[Start of section]
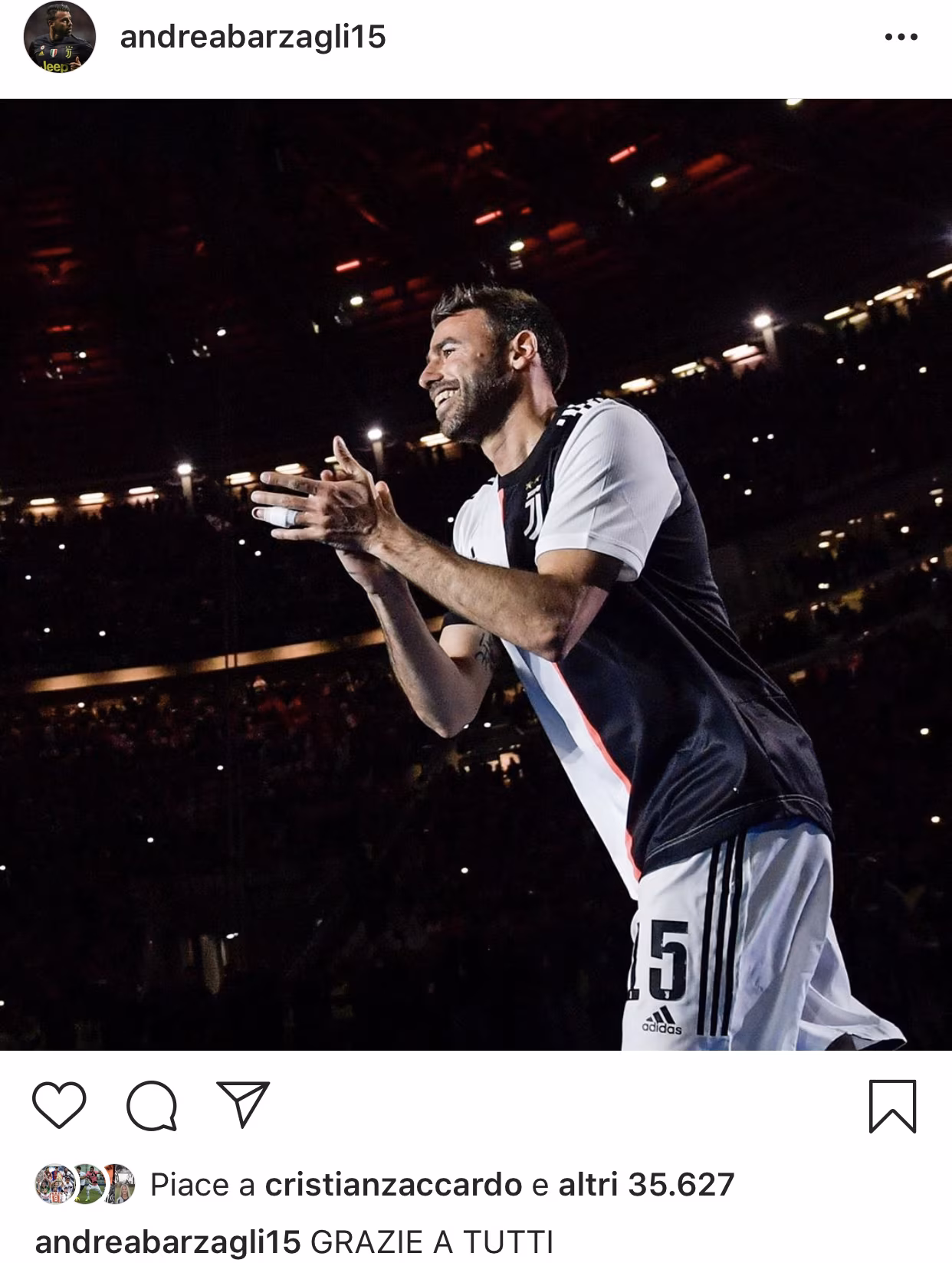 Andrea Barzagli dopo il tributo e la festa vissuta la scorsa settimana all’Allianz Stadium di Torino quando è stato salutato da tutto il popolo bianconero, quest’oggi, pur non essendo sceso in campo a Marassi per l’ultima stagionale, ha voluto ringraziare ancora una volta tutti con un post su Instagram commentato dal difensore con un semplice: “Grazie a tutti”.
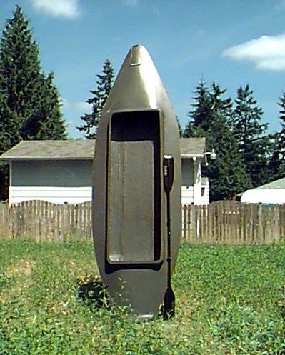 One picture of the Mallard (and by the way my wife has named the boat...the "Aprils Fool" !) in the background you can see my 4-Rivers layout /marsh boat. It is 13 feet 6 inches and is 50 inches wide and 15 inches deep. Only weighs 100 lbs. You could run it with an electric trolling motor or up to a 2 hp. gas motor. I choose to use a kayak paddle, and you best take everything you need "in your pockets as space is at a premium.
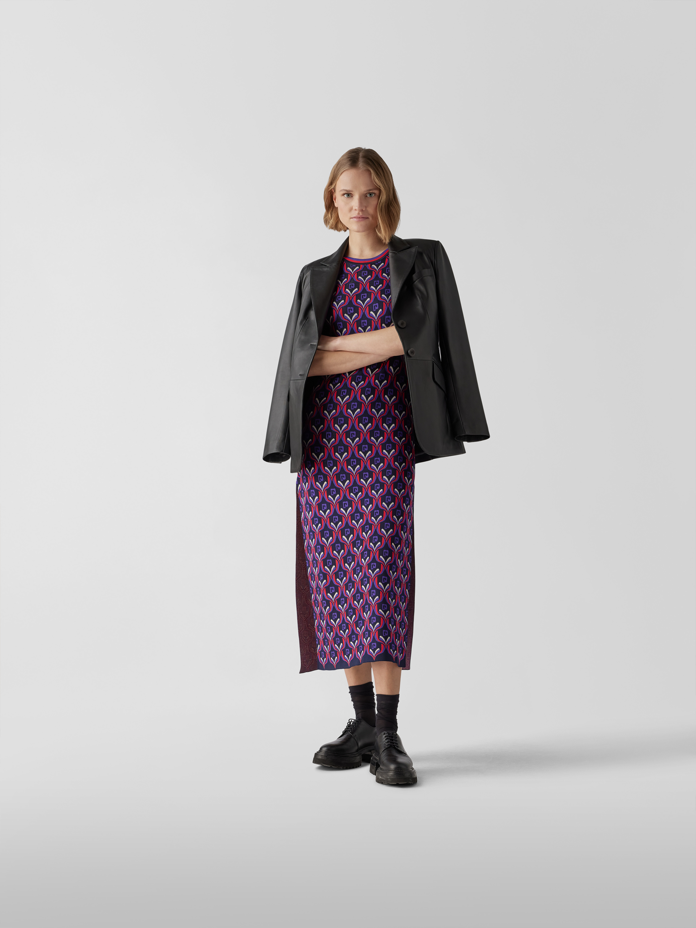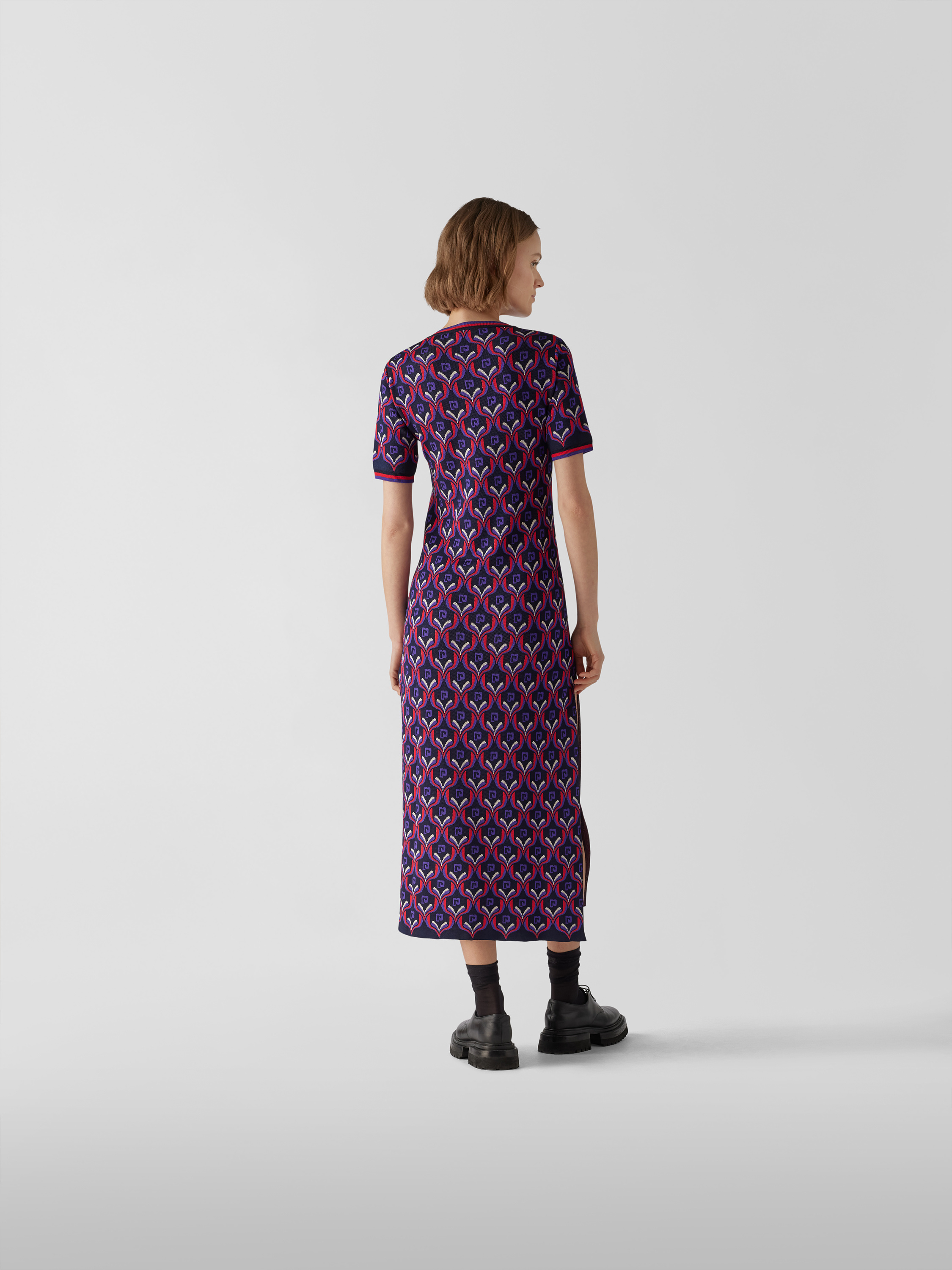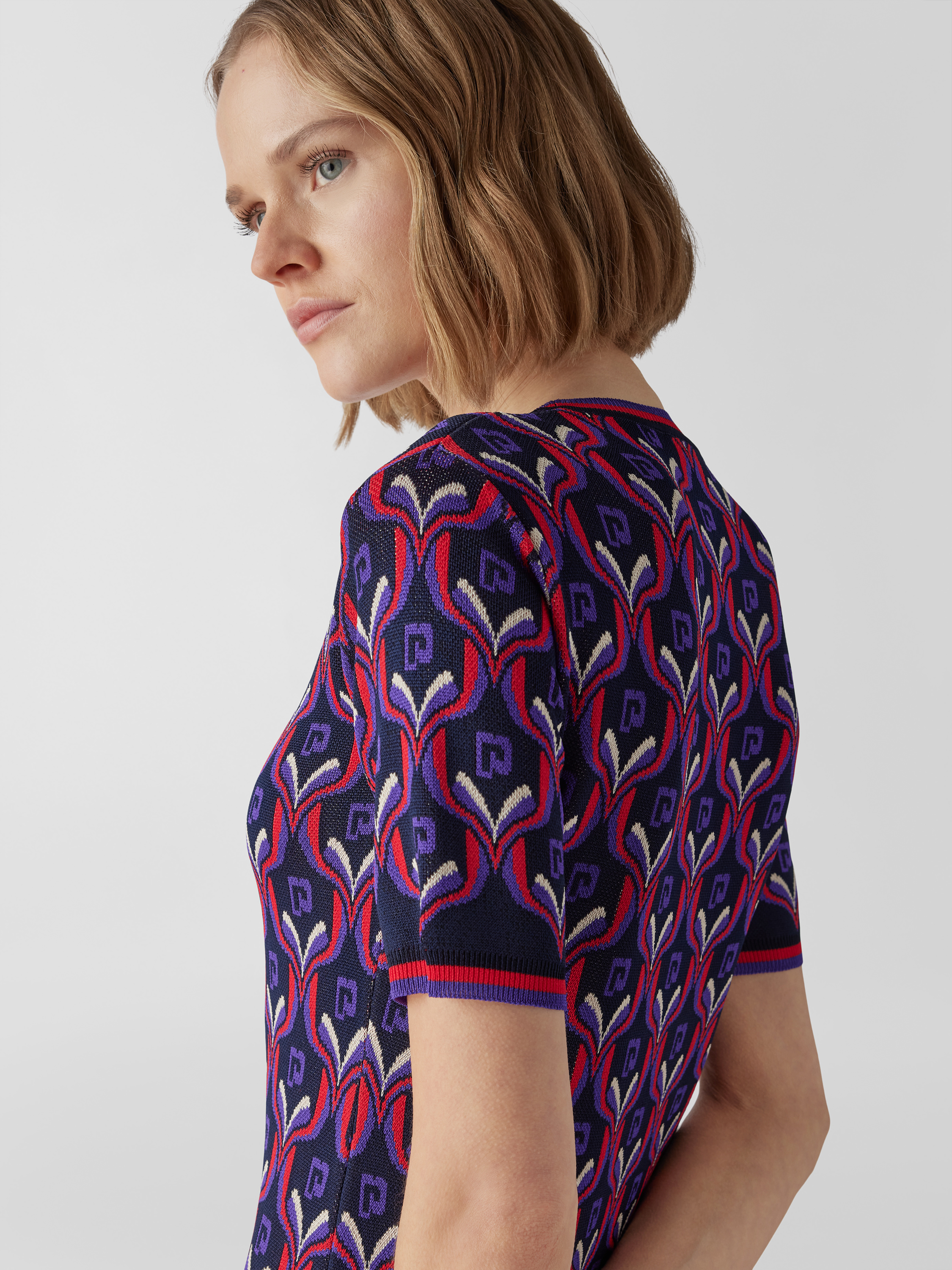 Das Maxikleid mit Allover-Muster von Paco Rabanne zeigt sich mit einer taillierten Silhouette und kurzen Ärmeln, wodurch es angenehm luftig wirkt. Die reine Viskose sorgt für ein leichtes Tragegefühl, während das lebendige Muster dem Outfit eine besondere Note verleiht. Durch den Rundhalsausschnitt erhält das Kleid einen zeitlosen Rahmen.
[End of section]
● **Action item**: Leave out the images and copy all remaining data word for word.

● **Exercise response**:
 Andrea Barzagli dopo il tributo e la festa vissuta la scorsa settimana all’Allianz Stadium di Torino quando è stato salutato da tutto il popolo bianconero, quest’oggi, pur non essendo sceso in campo a Marassi per l’ultima stagionale, ha voluto ringraziare ancora una volta tutti con un post su Instagram commentato dal difensore con un semplice: “Grazie a tutti”.
 One picture of the Mallard (and by the way my wife has named the boat...the "Aprils Fool" !) in the background you can see my 4-Rivers layout /marsh boat. It is 13 feet 6 inches and is 50 inches wide and 15 inches deep. Only weighs 100 lbs. You could run it with an electric trolling motor or up to a 2 hp. gas motor. I choose to use a kayak paddle, and you best take everything you need "in your pockets as space is at a premium.
 Das Maxikleid mit Allover-Muster von Paco Rabanne zeigt sich mit einer taillierten Silhouette und kurzen Ärmeln, wodurch es angenehm luftig wirkt. Die reine Viskose sorgt für ein leichtes Tragegefühl, während das lebendige Muster dem Outfit eine besondere Note verleiht. Durch den Rundhalsausschnitt erhält das Kleid einen zeitlosen Rahmen.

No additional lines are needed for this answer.